Interfaith Photovoice
Interfaith Photovoice facilitators working with local faith partners and participants in the United States and internationally
© Interfaith Photovoice workshops
Formed in 2017 by Roman R Williams, PhD, against the backdrop of increasing political polarisation and anti-Muslim sentiment in the USA, Interfaith Photovoice brings together people of different faiths and beliefs to develop understanding and empathy through conversations about photographs they have taken. Whilst the Interfaith Photovoice method is customised to each group, in a typical project a group of mixed faith participants come together over a number of sessions to discuss photographs which they have produced in response to a series of prompts:
1. What do your religious beliefs, practices, and values look like in everyday life?
2. What challenges do you face in your community because of your beliefs, practices, and values?
3. What would you like to change about your community to make it a better place for people of all religions?
Sitting at tables in small groups of four-eight people, participants take turns to share their images and tell the stories behind them. They listen, ask questions and make observations about each other’s’ images. The sequencing of the photo prompts encourages participants to identify commonalities and shared experiences, needs and concerns.
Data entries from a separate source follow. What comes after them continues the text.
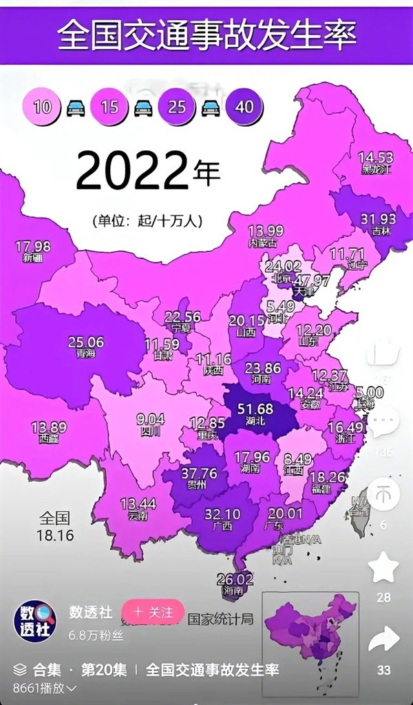 从相关博主晒出的图片统计来看,全国交通事故发生率上,湖北、天津和贵州排在前三名,而广西、吉林、河南、宁夏等紧随其后。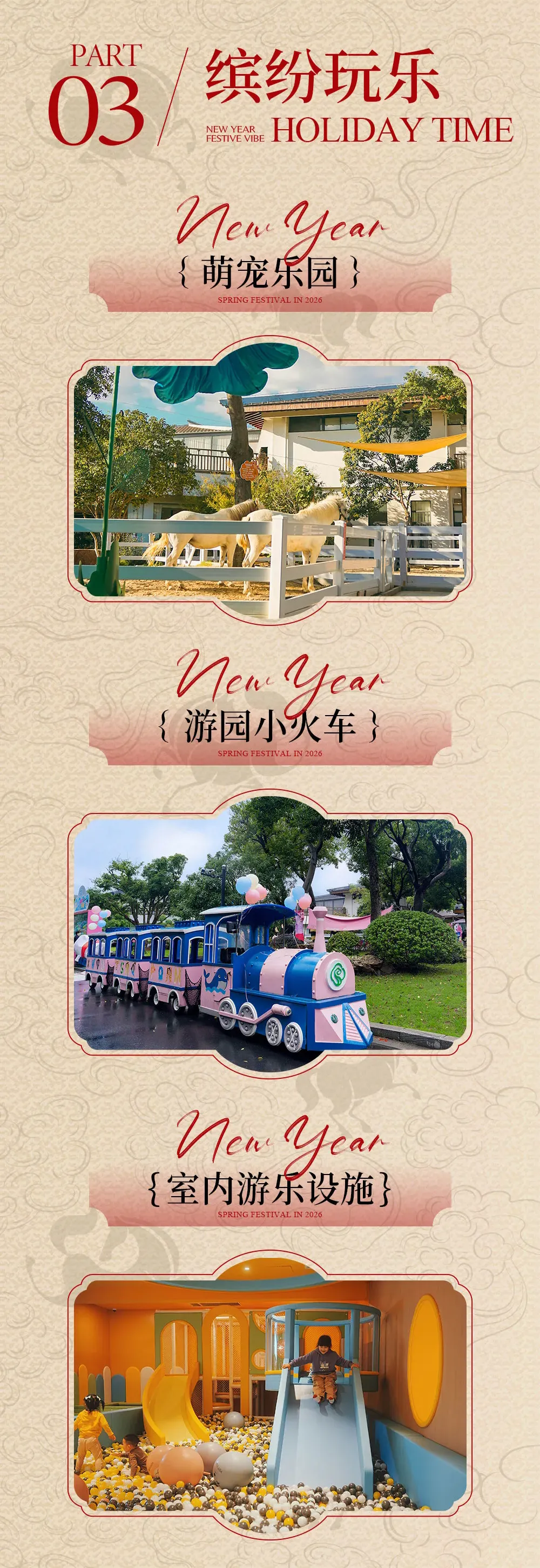 新春佳节,欢乐不停足不出户,即可畅玩丰富游乐项目小朋友欢乐畅玩,大朋友解锁惬意轻松GET更多潮玩可能。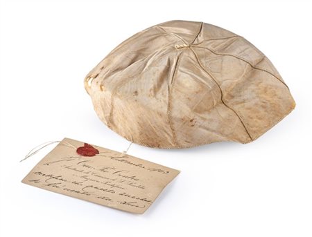 Papal skullcap or "zucchetto" in white silk, which belonged to Pope Leo XIII (1810-1903) tied with cotton thread sealed with sealing wax to the Cav's business card. Pio Centra, aide-de-chamber to His Holiness manuscript by him «Settembre 1903 / Il [...] certifica che questo zuc- / chetto fù usato da Sua (al verso) Santità Leone XIII / S. M. il 3 marzo 1898» (serious defects)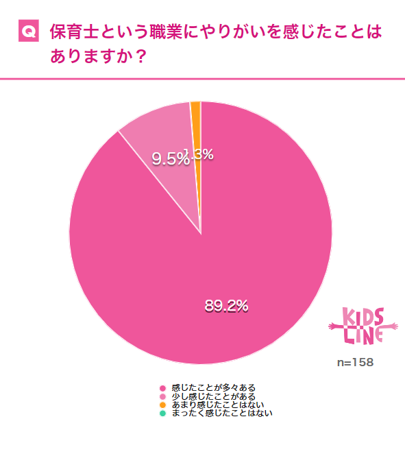 「あまり感じたことがない」という回答は1.3%で、大多数が「保育士はやりがいのある職業」と感じていることがわかります。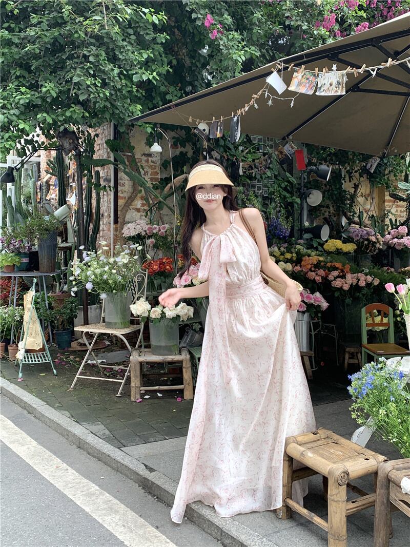 フレンチフローラルホルターネックドレス女性の夏の優しい風ノースリーブ甘いスカートボウノットウエストスリムロングドレス リボン 大人ガーリー スウィート キュート カジュアル サマー 夏物 花柄 nana89647768868 | modepoisson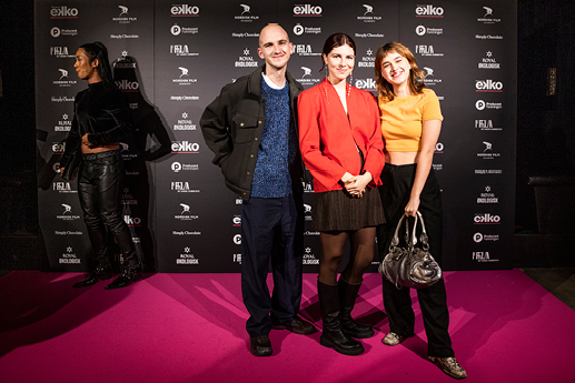 Skuespillerne Anton Hjejle og Frederikke Dahl Hansen flankerer Marta Holm, der løb med prisen for bedste kvindelige skuespiller. I baggrunden interviewes Sy Lee, der også er mødt op for at hylde de filmiske talenter.

A key starting point is to gain insights into each other’s lives, daily practices and values and to find points of commonality, mutual concerns and aspirations, that build relationships and trust before discussing more sensitive and critical issues and trying to forge a shared sense of what change might look like. In their final meetings, participants curate a collection of photos that can be used in an exhibition to share the collective experience and insights of the group with their broader community.
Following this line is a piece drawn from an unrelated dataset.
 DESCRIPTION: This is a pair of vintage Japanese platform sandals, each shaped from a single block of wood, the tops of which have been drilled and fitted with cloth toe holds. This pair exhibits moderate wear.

Interfaith Photovoice has conducted projects in conjunction with local faith partners across the USA and internationally. The sessions create safe, relatively neutral spaces in which people see through each other’s eyes and learn on an equal footing about each other’s’ daily practices, challenges and hopes, building knowledge and points of connection that generate empathy and solidarity. The method is rooted in contact theory that hypothesises that prejudice and conflict between different groups can be reduced if members of the groups interact with each other. The photographs work to create encounters, to fill in the blanks and to build bridges between people that would not ordinarily meet in their daily lives. The images act as props for the participant, allowing them to set the parameters of what they want to talk about and share with others.
© Interfaith Photovoice workshops
‘Photographs shared across interfaith differences can be disruptive of conventional and experiential knowledge… Seeing and hearing about someone else’s photos invites participants to step back from their everyday lives and to see the world from a new perspective’.